Segment Start: Exercise data

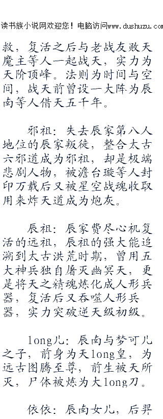 ;;;;潜long:前世为魔主之子,太古一战身死,转世成了东土十大修炼家族的long家第三子,为long舞的哥哥,其人天纵之子,小时就被修炼圣地飘渺峰长老收为门下,后来隐藏实力成为仙武学院学生,天生潇洒,象邻家大男孩一般。在参加四大学院比试时相遇辰南,在辰南等人还在三阶之时,其已经突破到了五阶绝世高手之列,并且为东土十大青年高手榜首。后因与辰南等人一起去探险死亡绝地,被魔主看重收为徒弟。六道破灭后,被混沌遗民困于古天迷城之中,后被辰南救出。最终,和魔主等人一同闯九重天灭天道。
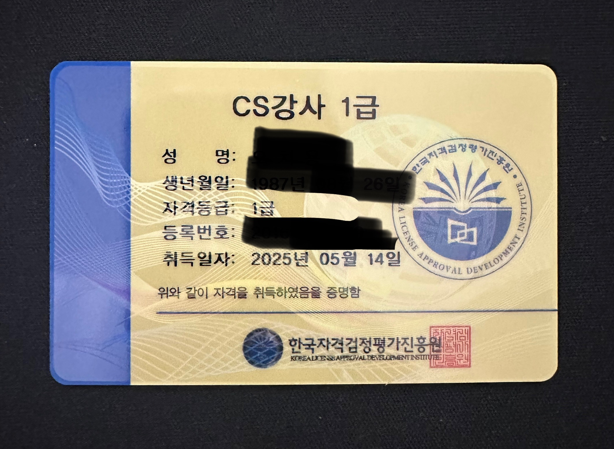 CS의 궁금증으로 시작했는데, 너무 재밌었고, 활력을 주는 시간이었습니다. 강사님의 말에 집중 할 수 있도록 강사님의 강의력 너무 좋았구요. 즐거운 시간으로 즐겁게 자격증을 취득 할 수 있었습니다. 감사합니다. 자격을 취득했지만 더욱 다듬고 공부해서 실전에 나가보려 합니다!
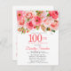 Elegant Rosa Blommigt 100:e födelsedag Inbjudan Vykort
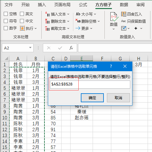 在弹出对话框中输入A2:B28即姓名和月份列全部数据区域,然后点击确定
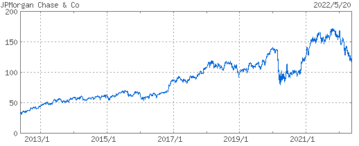 | JPM | JPモルガンチェース | 銀行 | 140 | 127 | 158 | 117 | -16% | -26% | 11.03 | 15.4 | -28% | 10.6 | 1 | 3.4% |
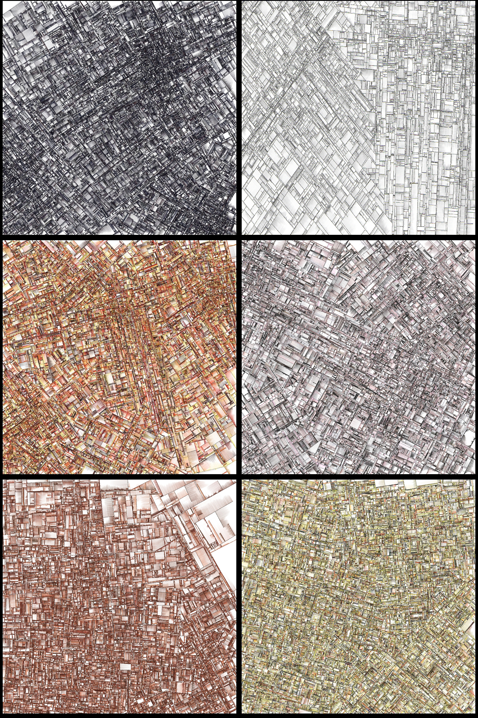 Sechs Ausgaben eines Algorithmus, der Grafiken erzeugt, die Wegenetzen von (großen) Städten ähneln. Es gibt verdichtete Zentren und dazwischen weniger dichte Strukturen. Die Bilder sind reine Zufallsprodukte, auch von der Farbgebung her. Ich habe eine große Menge davon generiert, 6 ausgewählt, in zwei Spalten und drei Reihen angeordnet und in 20 x 28 mit dem Tintenstrahldrucker auf Fotopapier gedruckt.
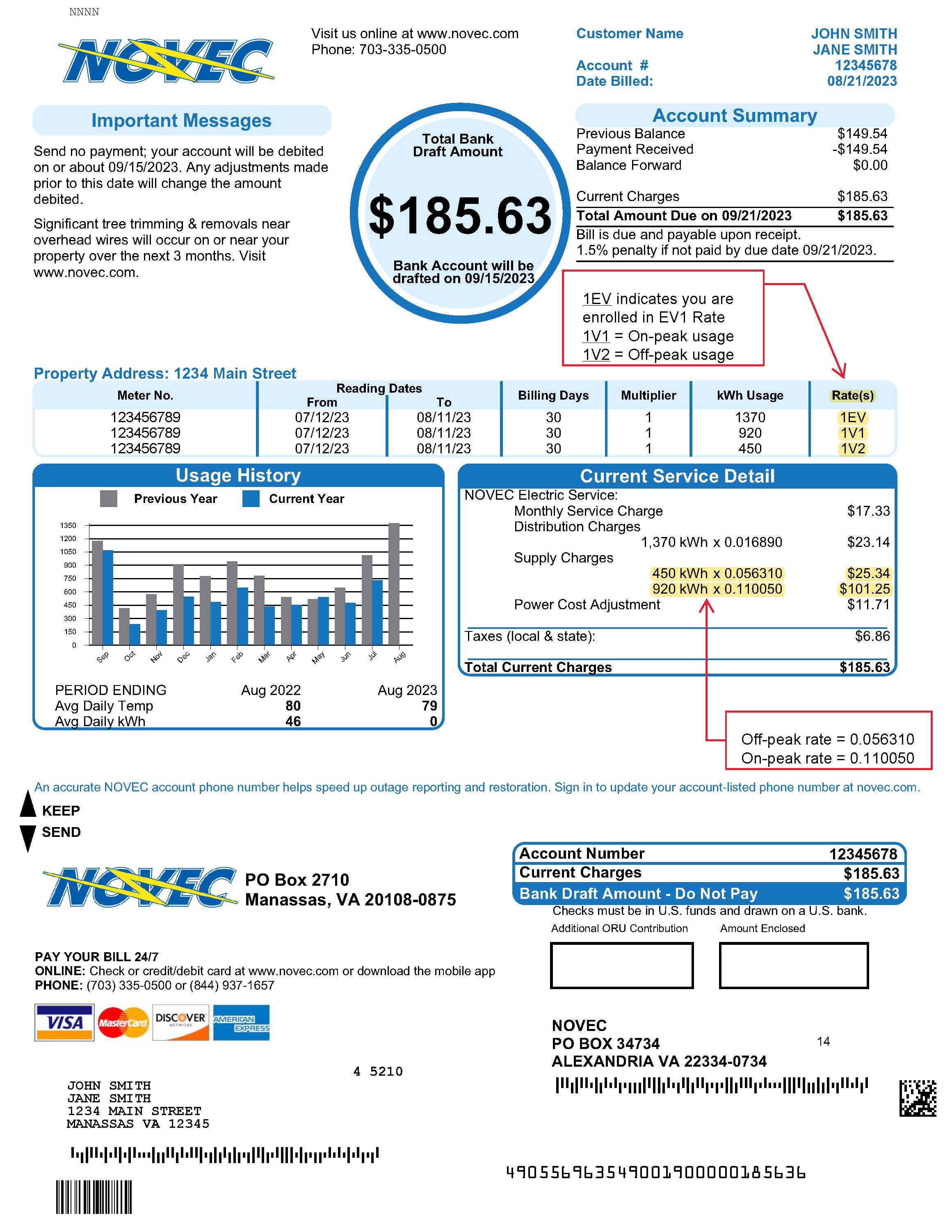 Click here for an example of a NOVEC customer’s bill using the EV-1 rate.
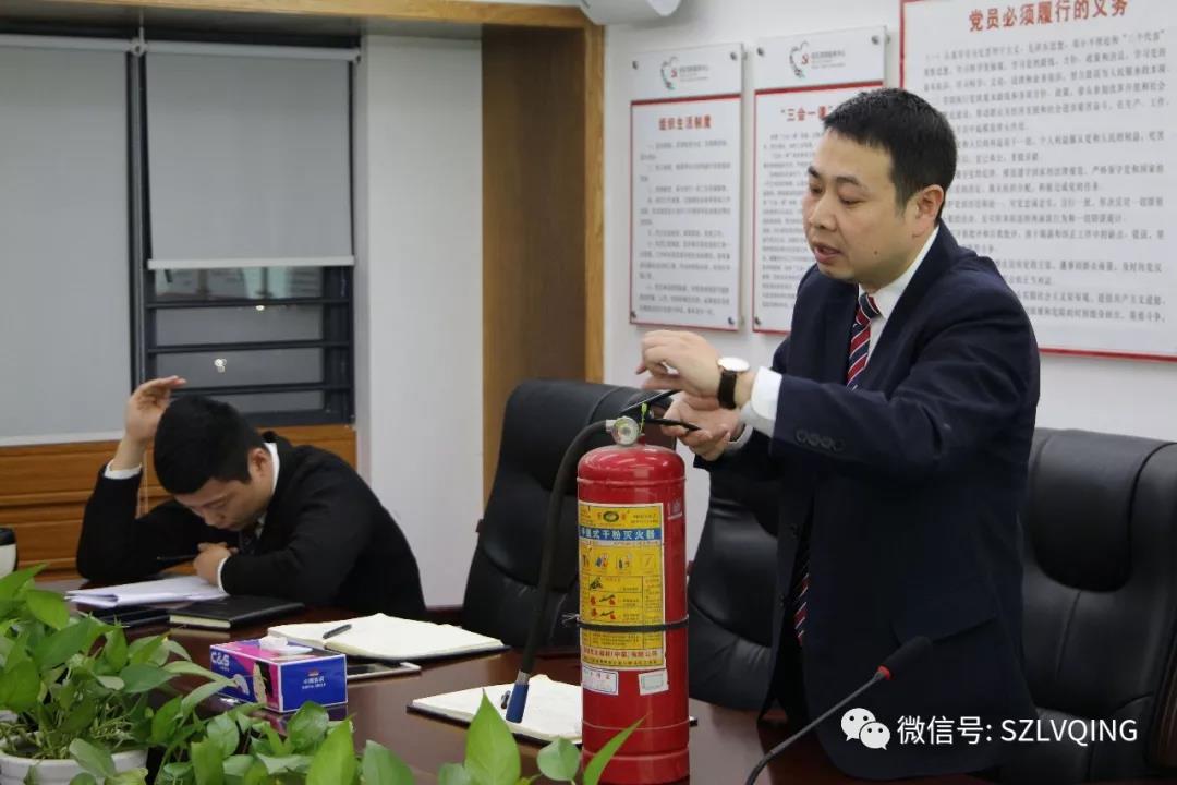 同時督促后勤部、行政部散會后及時對公司內部所有消防設施進行大排查,確保遇突發事故器材正常使用,并現場為員工演示講解了滅火器的操作使用,隨后播放了視頻解說。
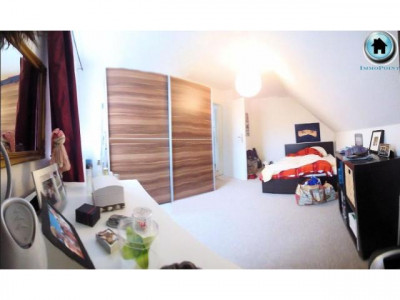 Das Schlafzimmer ist gut dimensioniert und bietet genug Platz für einen großen Kleiderschrank samt Doppelbett und sogar einer kleinen Büroecke.
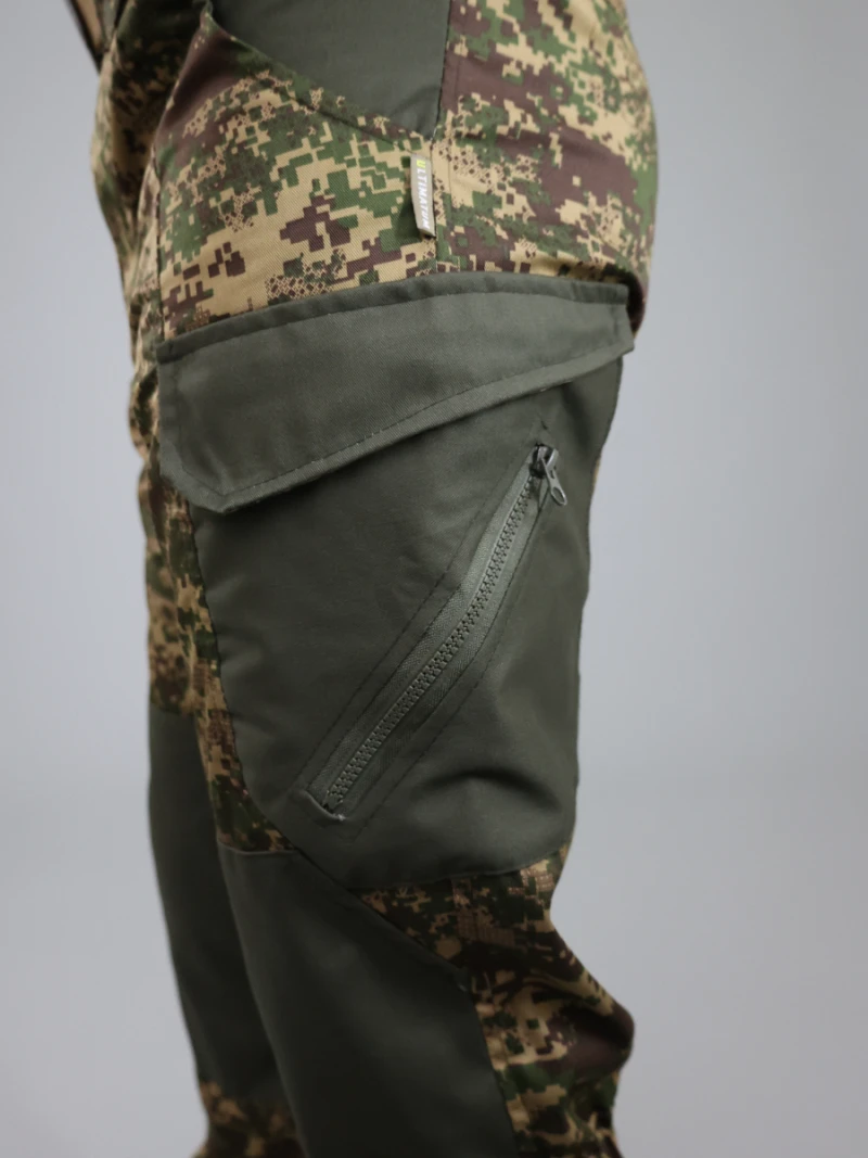 - 2 прорезные карманы по бокам на штанах и 2 накладные объемные карманы с клапанами на липучке;

Segment End: Exercise data

**Work to be completed**:
An exact, word-for-word copy of the records is expected, with no pictures in it.

**Solved problem**:
 ;;;;潜long:前世为魔主之子,太古一战身死,转世成了东土十大修炼家族的long家第三子,为long舞的哥哥,其人天纵之子,小时就被修炼圣地飘渺峰长老收为门下,后来隐藏实力成为仙武学院学生,天生潇洒,象邻家大男孩一般。在参加四大学院比试时相遇辰南,在辰南等人还在三阶之时,其已经突破到了五阶绝世高手之列,并且为东土十大青年高手榜首。后因与辰南等人一起去探险死亡绝地,被魔主看重收为徒弟。六道破灭后,被混沌遗民困于古天迷城之中,后被辰南救出。最终,和魔主等人一同闯九重天灭天道。
 CS의 궁금증으로 시작했는데, 너무 재밌었고, 활력을 주는 시간이었습니다. 강사님의 말에 집중 할 수 있도록 강사님의 강의력 너무 좋았구요. 즐거운 시간으로 즐겁게 자격증을 취득 할 수 있었습니다. 감사합니다. 자격을 취득했지만 더욱 다듬고 공부해서 실전에 나가보려 합니다!
 Elegant Rosa Blommigt 100:e födelsedag Inbjudan Vykort
 在弹出对话框中输入A2:B28即姓名和月份列全部数据区域,然后点击确定
 | JPM | JPモルガンチェース | 銀行 | 140 | 127 | 158 | 117 | -16% | -26% | 11.03 | 15.4 | -28% | 10.6 | 1 | 3.4% |
 Sechs Ausgaben eines Algorithmus, der Grafiken erzeugt, die Wegenetzen von (großen) Städten ähneln. Es gibt verdichtete Zentren und dazwischen weniger dichte Strukturen. Die Bilder sind reine Zufallsprodukte, auch von der Farbgebung her. Ich habe eine große Menge davon generiert, 6 ausgewählt, in zwei Spalten und drei Reihen angeordnet und in 20 x 28 mit dem Tintenstrahldrucker auf Fotopapier gedruckt.
 Click here for an example of a NOVEC customer’s bill using the EV-1 rate.
 同時督促后勤部、行政部散會后及時對公司內部所有消防設施進行大排查,確保遇突發事故器材正常使用,并現場為員工演示講解了滅火器的操作使用,隨后播放了視頻解說。
 Das Schlafzimmer ist gut dimensioniert und bietet genug Platz für einen großen Kleiderschrank samt Doppelbett und sogar einer kleinen Büroecke.
 - 2 прорезные карманы по бокам на штанах и 2 накладные объемные карманы с клапанами на липучке;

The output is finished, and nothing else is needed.